• Requirement
Output all entries verbatim. Skip pictures.

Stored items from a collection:

####

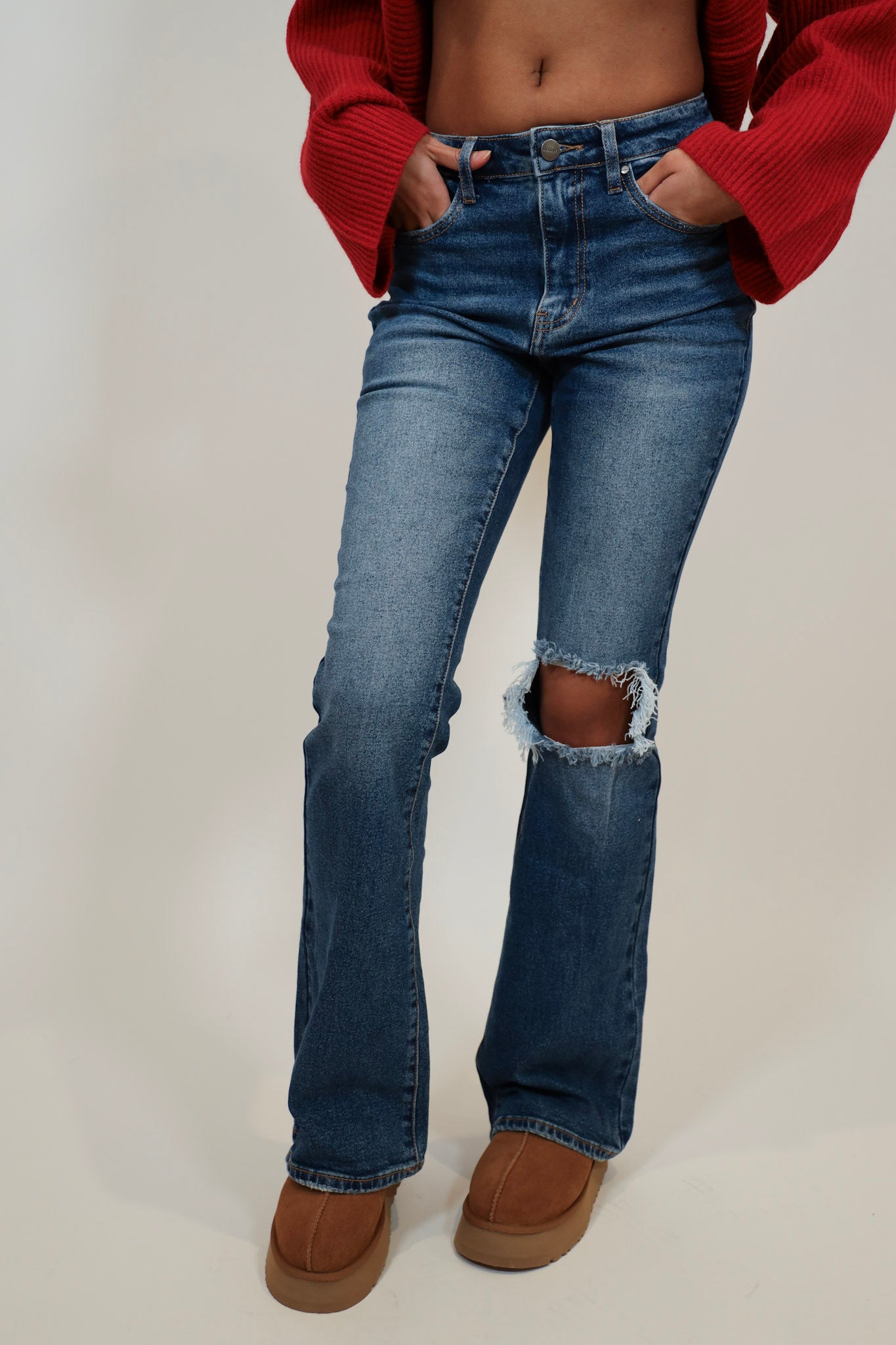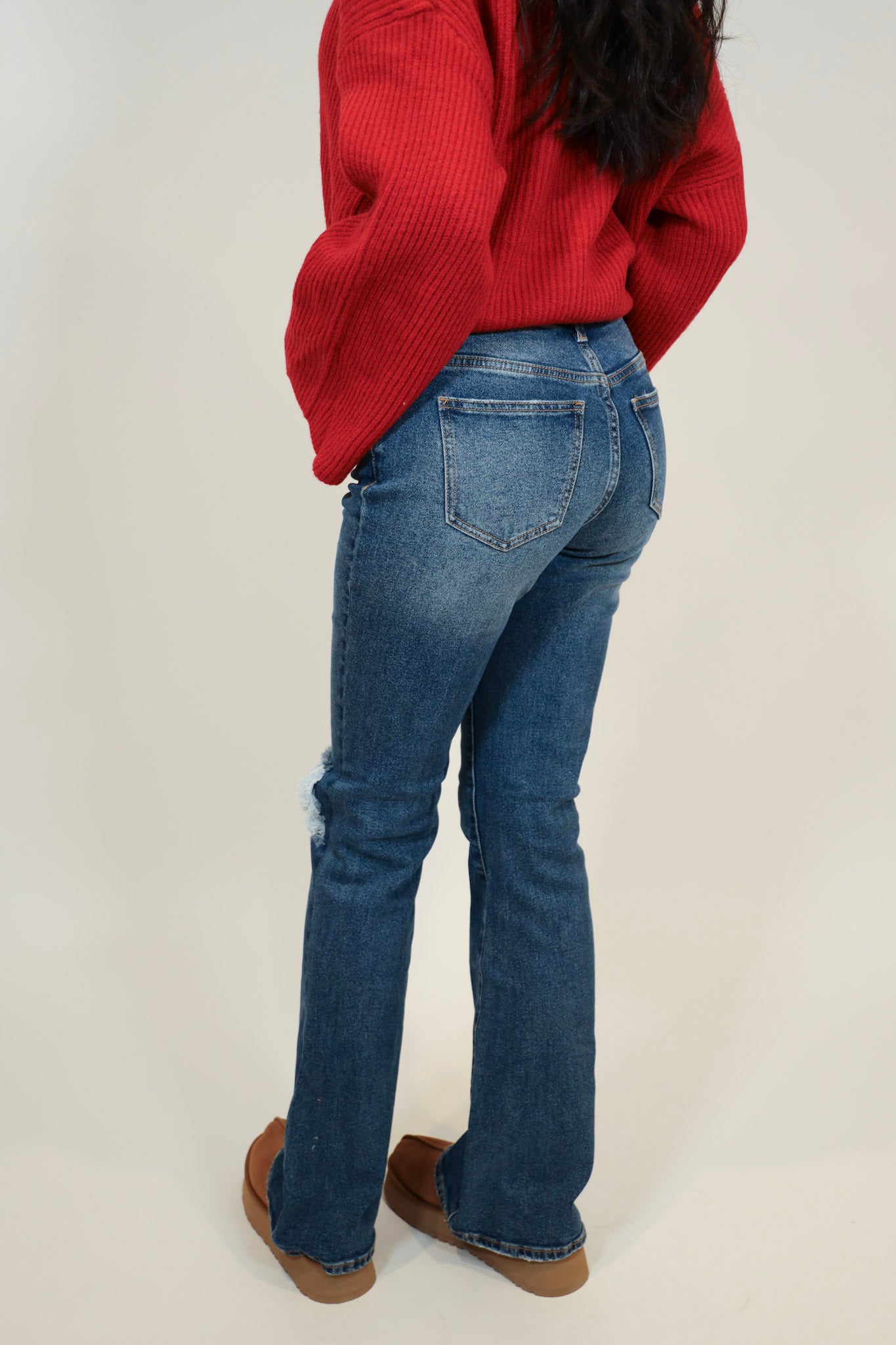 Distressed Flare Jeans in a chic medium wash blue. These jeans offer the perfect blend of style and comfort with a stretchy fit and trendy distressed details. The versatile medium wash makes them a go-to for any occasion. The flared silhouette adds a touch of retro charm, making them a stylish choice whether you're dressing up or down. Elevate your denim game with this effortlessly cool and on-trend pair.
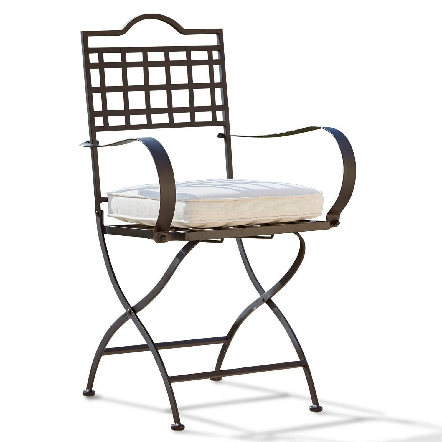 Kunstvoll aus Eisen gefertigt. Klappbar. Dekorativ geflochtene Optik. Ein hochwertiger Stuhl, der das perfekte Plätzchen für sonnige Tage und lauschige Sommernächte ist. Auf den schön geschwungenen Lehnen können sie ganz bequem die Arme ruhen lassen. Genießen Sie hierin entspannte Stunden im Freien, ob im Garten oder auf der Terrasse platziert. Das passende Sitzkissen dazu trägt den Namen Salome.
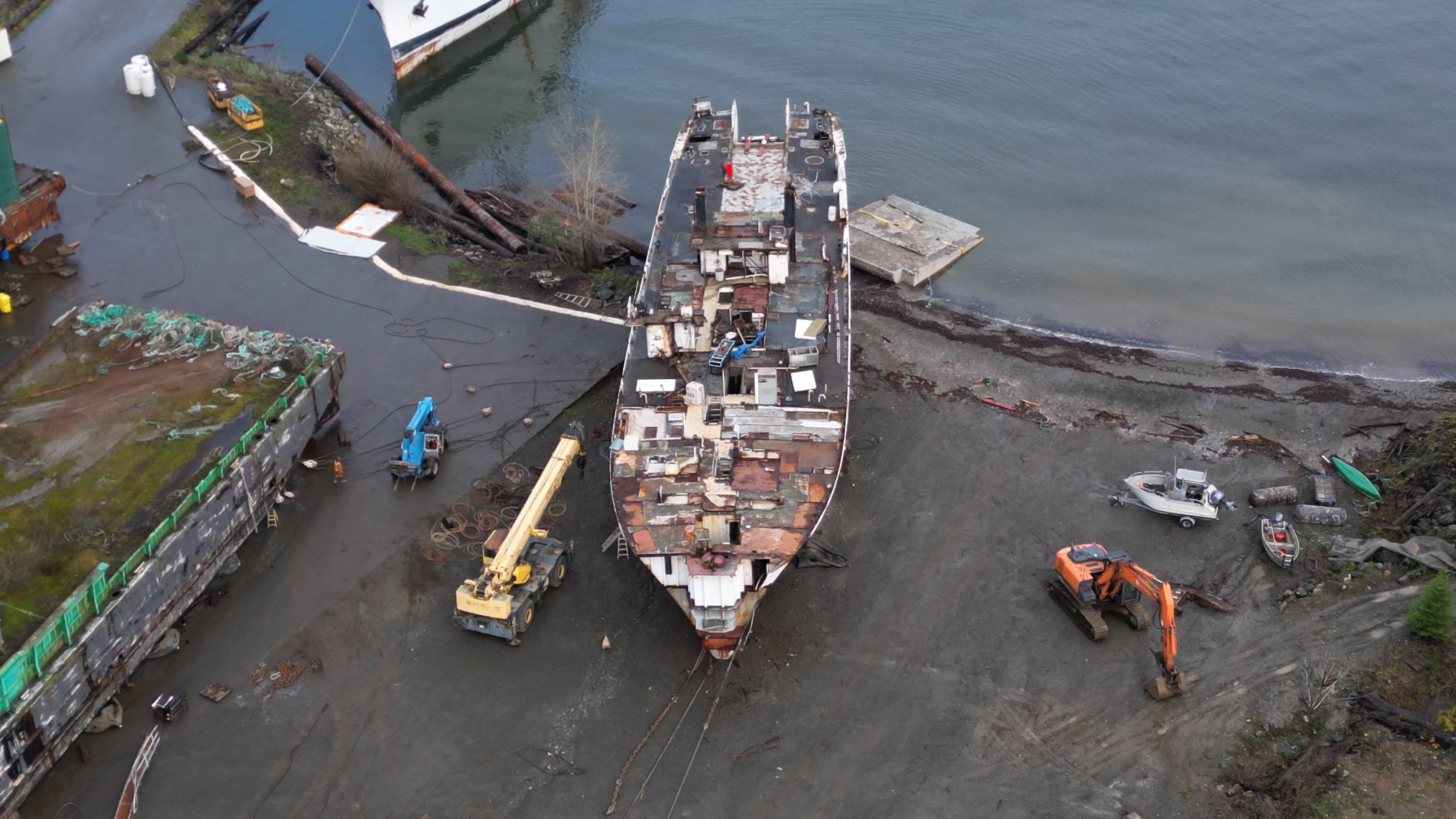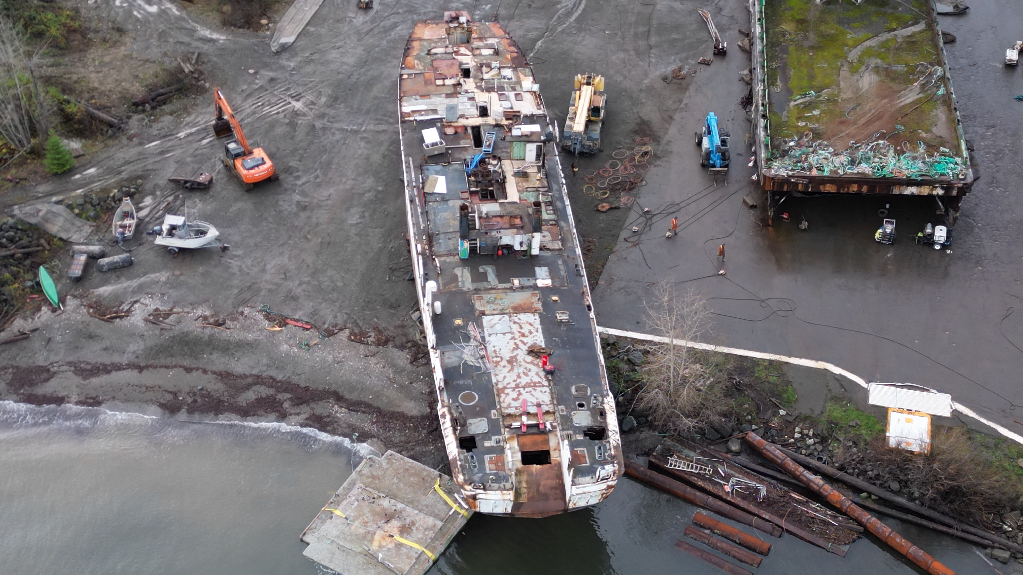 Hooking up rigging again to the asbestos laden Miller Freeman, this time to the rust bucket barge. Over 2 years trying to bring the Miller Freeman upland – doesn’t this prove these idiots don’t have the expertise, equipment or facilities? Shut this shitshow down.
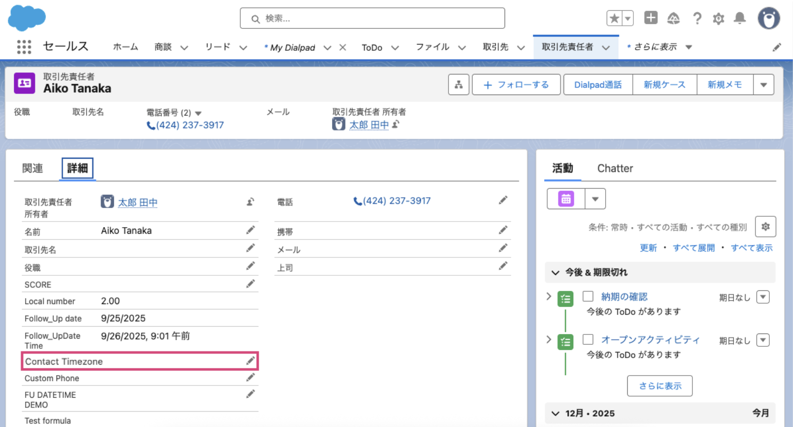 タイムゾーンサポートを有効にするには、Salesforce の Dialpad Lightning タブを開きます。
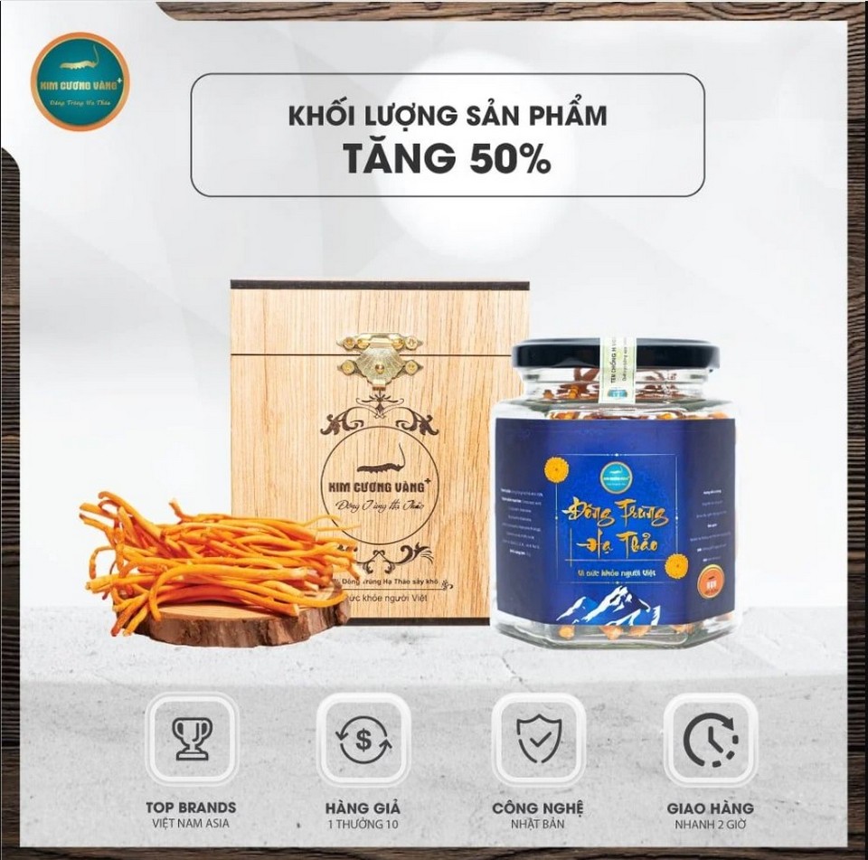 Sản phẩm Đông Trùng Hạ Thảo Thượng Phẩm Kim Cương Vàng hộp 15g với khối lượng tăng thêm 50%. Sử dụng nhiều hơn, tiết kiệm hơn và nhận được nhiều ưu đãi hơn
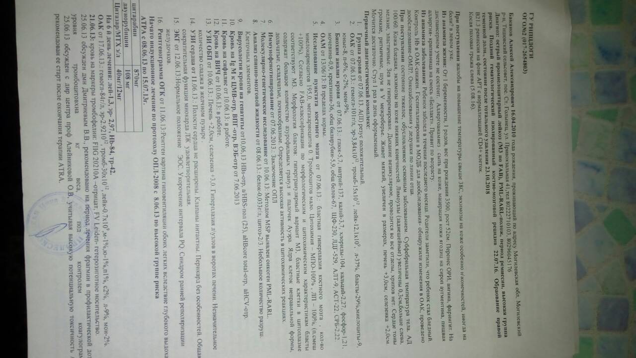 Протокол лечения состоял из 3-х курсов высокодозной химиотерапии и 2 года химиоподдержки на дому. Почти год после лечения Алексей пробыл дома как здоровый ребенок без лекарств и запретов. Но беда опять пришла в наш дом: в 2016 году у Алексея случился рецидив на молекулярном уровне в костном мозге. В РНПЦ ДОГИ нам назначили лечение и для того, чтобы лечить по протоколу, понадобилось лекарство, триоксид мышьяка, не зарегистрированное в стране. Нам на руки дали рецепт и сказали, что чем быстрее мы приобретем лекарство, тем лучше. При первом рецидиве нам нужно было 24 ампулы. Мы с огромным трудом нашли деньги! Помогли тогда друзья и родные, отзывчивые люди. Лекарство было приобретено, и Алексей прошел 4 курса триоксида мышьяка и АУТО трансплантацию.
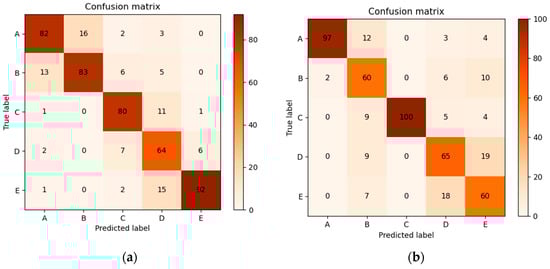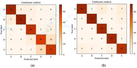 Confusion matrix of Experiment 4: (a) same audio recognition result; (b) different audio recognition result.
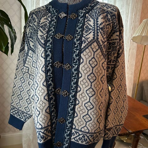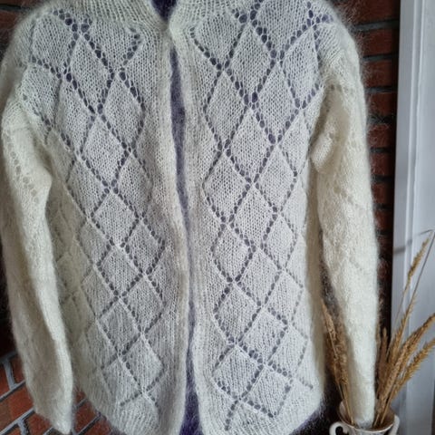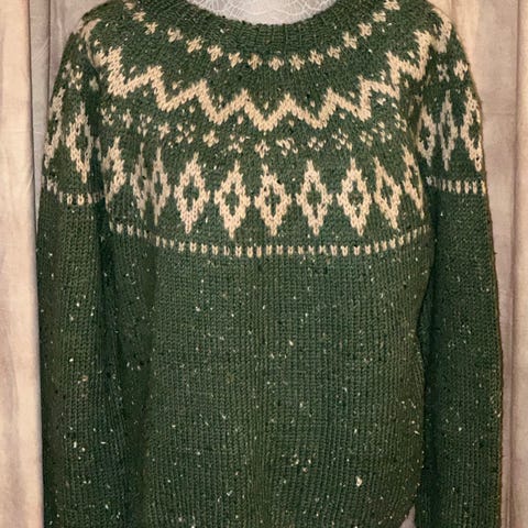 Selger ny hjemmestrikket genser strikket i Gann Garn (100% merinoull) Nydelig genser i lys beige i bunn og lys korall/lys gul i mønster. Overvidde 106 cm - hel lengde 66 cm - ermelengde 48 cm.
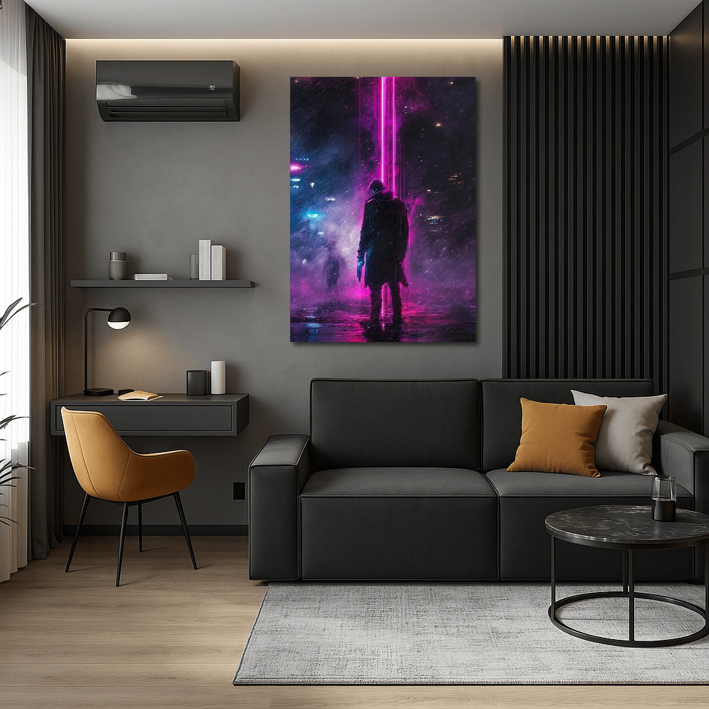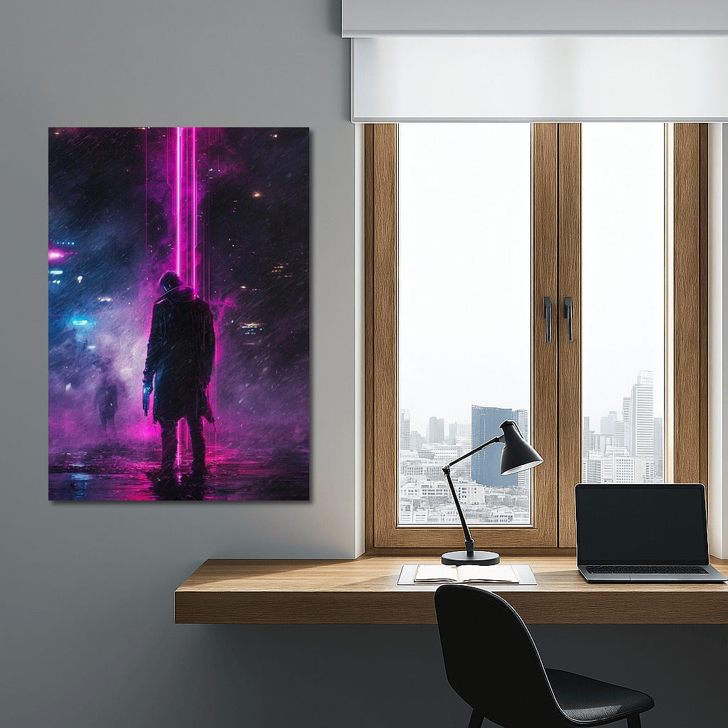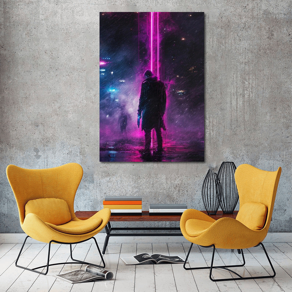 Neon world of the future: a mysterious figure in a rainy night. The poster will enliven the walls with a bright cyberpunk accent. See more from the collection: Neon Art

####

• Your solution
 Distressed Flare Jeans in a chic medium wash blue. These jeans offer the perfect blend of style and comfort with a stretchy fit and trendy distressed details. The versatile medium wash makes them a go-to for any occasion. The flared silhouette adds a touch of retro charm, making them a stylish choice whether you're dressing up or down. Elevate your denim game with this effortlessly cool and on-trend pair.
 Kunstvoll aus Eisen gefertigt. Klappbar. Dekorativ geflochtene Optik. Ein hochwertiger Stuhl, der das perfekte Plätzchen für sonnige Tage und lauschige Sommernächte ist. Auf den schön geschwungenen Lehnen können sie ganz bequem die Arme ruhen lassen. Genießen Sie hierin entspannte Stunden im Freien, ob im Garten oder auf der Terrasse platziert. Das passende Sitzkissen dazu trägt den Namen Salome.
 Hooking up rigging again to the asbestos laden Miller Freeman, this time to the rust bucket barge. Over 2 years trying to bring the Miller Freeman upland – doesn’t this prove these idiots don’t have the expertise, equipment or facilities? Shut this shitshow down.
 タイムゾーンサポートを有効にするには、Salesforce の Dialpad Lightning タブを開きます。
 Sản phẩm Đông Trùng Hạ Thảo Thượng Phẩm Kim Cương Vàng hộp 15g với khối lượng tăng thêm 50%. Sử dụng nhiều hơn, tiết kiệm hơn và nhận được nhiều ưu đãi hơn
 Протокол лечения состоял из 3-х курсов высокодозной химиотерапии и 2 года химиоподдержки на дому. Почти год после лечения Алексей пробыл дома как здоровый ребенок без лекарств и запретов. Но беда опять пришла в наш дом: в 2016 году у Алексея случился рецидив на молекулярном уровне в костном мозге. В РНПЦ ДОГИ нам назначили лечение и для того, чтобы лечить по протоколу, понадобилось лекарство, триоксид мышьяка, не зарегистрированное в стране. Нам на руки дали рецепт и сказали, что чем быстрее мы приобретем лекарство, тем лучше. При первом рецидиве нам нужно было 24 ампулы. Мы с огромным трудом нашли деньги! Помогли тогда друзья и родные, отзывчивые люди. Лекарство было приобретено, и Алексей прошел 4 курса триоксида мышьяка и АУТО трансплантацию.
 Confusion matrix of Experiment 4: (a) same audio recognition result; (b) different audio recognition result.
 Selger ny hjemmestrikket genser strikket i Gann Garn (100% merinoull) Nydelig genser i lys beige i bunn og lys korall/lys gul i mønster. Overvidde 106 cm - hel lengde 66 cm - ermelengde 48 cm.
 Neon world of the future: a mysterious figure in a rainy night. The poster will enliven the walls with a bright cyberpunk accent. See more from the collection: Neon Art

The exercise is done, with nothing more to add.